* [WHAT TO DO]:
Among the entries below, only the lines from the one with "外では虫の声に耳を傾け昼間とは違う雰囲気の園庭を楽しみました😊" through the one with "한편, 보은군은 지난해" are to be retyped, exactly and without pictures.

* [INPUT DATA]:

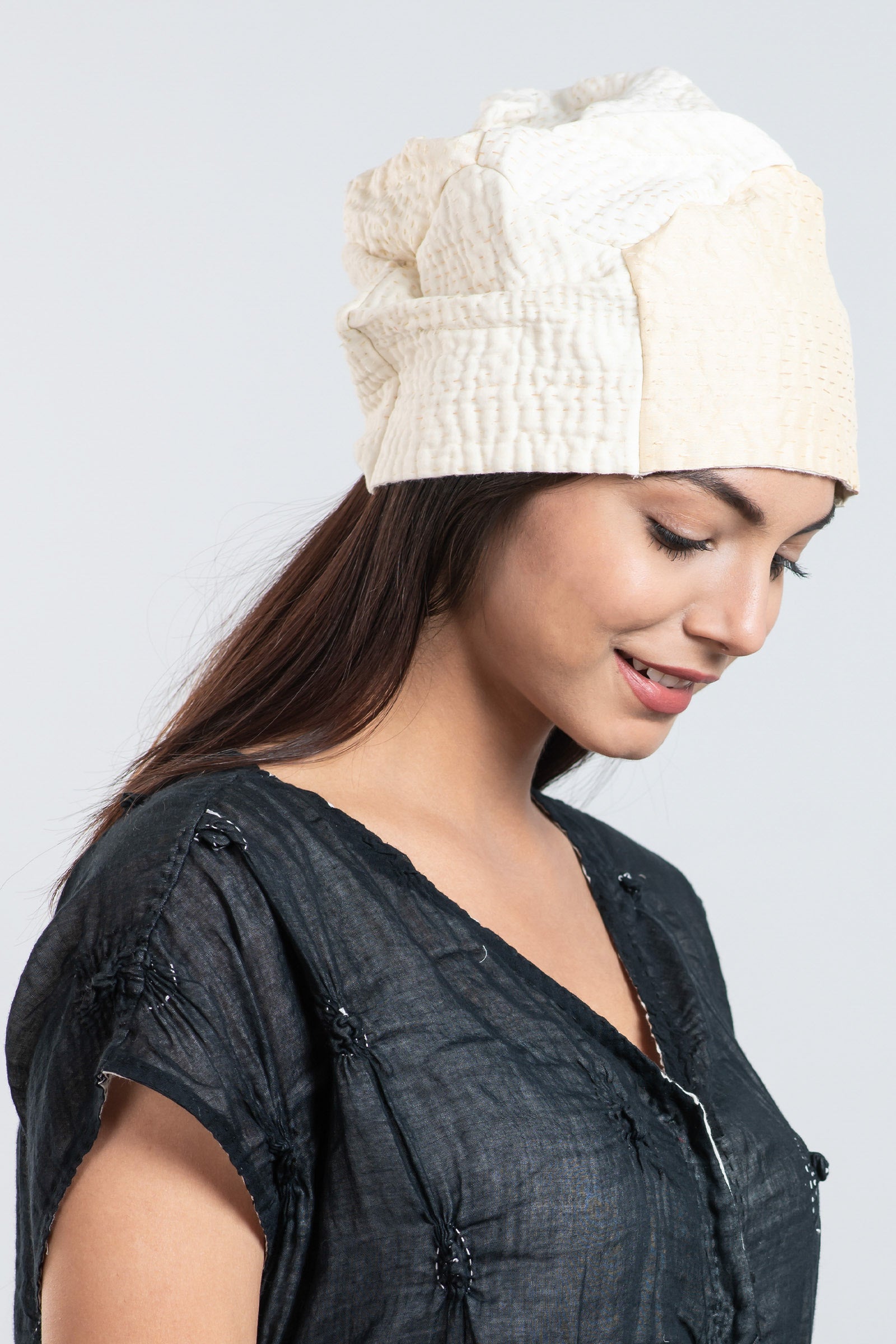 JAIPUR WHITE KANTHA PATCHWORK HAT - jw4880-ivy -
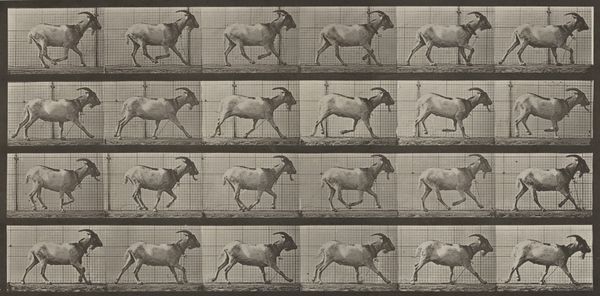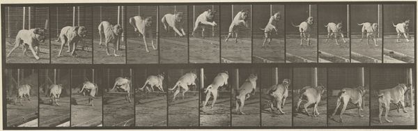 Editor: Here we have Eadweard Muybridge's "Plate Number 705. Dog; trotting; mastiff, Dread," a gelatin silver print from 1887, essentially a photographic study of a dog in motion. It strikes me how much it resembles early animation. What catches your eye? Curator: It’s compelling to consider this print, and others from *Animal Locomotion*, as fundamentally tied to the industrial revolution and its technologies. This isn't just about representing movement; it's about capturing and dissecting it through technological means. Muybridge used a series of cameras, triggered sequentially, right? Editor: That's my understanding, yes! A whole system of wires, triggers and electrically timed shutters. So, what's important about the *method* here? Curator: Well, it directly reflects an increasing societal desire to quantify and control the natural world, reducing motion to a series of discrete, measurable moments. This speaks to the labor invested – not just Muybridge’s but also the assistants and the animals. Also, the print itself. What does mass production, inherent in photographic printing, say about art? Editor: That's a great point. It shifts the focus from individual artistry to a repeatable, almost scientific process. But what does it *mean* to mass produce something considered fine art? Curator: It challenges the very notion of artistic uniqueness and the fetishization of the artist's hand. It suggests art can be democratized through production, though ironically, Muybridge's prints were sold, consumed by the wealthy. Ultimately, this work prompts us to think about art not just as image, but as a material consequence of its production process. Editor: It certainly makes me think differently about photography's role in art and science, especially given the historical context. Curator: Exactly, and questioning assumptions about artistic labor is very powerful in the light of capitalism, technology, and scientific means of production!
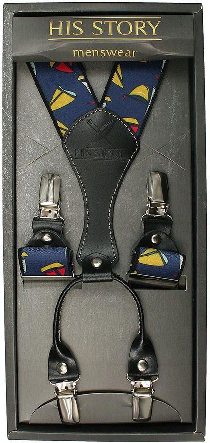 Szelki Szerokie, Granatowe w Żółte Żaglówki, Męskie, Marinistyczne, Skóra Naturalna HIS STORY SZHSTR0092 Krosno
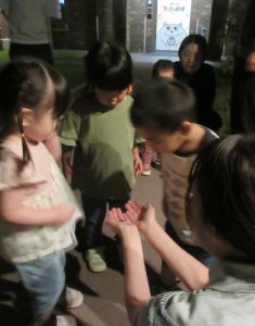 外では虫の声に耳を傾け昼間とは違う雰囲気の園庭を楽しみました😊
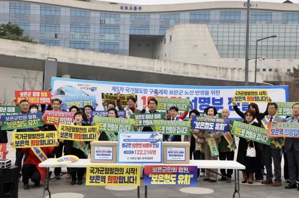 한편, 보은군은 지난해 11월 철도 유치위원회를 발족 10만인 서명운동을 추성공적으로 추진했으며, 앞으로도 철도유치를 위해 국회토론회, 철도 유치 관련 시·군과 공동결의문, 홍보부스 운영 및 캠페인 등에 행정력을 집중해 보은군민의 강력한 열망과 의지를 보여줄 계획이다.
---
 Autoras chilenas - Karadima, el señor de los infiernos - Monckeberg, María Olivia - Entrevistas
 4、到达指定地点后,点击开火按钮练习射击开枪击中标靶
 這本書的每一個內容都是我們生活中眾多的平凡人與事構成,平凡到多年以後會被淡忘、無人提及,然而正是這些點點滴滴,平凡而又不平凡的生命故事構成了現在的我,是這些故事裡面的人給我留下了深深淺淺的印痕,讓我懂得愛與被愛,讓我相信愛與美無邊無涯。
==
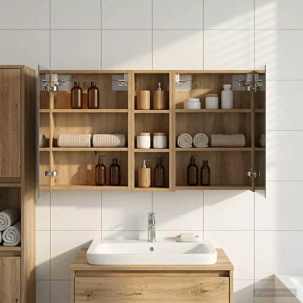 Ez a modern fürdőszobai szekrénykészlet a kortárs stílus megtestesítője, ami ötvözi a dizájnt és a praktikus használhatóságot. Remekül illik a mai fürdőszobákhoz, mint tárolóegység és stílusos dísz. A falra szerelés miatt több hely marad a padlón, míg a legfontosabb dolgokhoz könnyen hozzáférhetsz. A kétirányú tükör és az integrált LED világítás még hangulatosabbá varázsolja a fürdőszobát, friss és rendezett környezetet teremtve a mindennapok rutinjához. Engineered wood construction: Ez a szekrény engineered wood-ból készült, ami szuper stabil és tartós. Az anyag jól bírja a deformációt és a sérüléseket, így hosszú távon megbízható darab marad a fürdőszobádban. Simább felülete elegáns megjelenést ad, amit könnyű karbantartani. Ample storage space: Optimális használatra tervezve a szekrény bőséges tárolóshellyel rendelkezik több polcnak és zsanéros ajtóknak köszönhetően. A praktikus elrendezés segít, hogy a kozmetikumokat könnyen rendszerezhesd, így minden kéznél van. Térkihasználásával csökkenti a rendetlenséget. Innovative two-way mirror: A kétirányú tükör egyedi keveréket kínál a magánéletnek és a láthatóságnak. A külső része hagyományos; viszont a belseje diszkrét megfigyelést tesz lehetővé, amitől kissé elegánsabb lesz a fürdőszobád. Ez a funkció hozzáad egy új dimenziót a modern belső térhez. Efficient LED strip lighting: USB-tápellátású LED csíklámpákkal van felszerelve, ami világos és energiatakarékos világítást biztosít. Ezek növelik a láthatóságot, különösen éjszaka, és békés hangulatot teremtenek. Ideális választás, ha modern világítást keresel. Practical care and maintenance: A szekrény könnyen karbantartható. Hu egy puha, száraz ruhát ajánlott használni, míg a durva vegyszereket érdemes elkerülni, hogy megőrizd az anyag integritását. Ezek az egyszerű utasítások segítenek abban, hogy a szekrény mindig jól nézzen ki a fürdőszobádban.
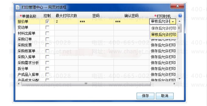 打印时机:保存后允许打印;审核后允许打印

* [SOLUTION TO THE EXERCISE]:
 外では虫の声に耳を傾け昼間とは違う雰囲気の園庭を楽しみました😊
 한편, 보은군은 지난해 11월 철도 유치위원회를 발족 10만인 서명운동을 추성공적으로 추진했으며, 앞으로도 철도유치를 위해 국회토론회, 철도 유치 관련 시·군과 공동결의문, 홍보부스 운영 및 캠페인 등에 행정력을 집중해 보은군민의 강력한 열망과 의지를 보여줄 계획이다.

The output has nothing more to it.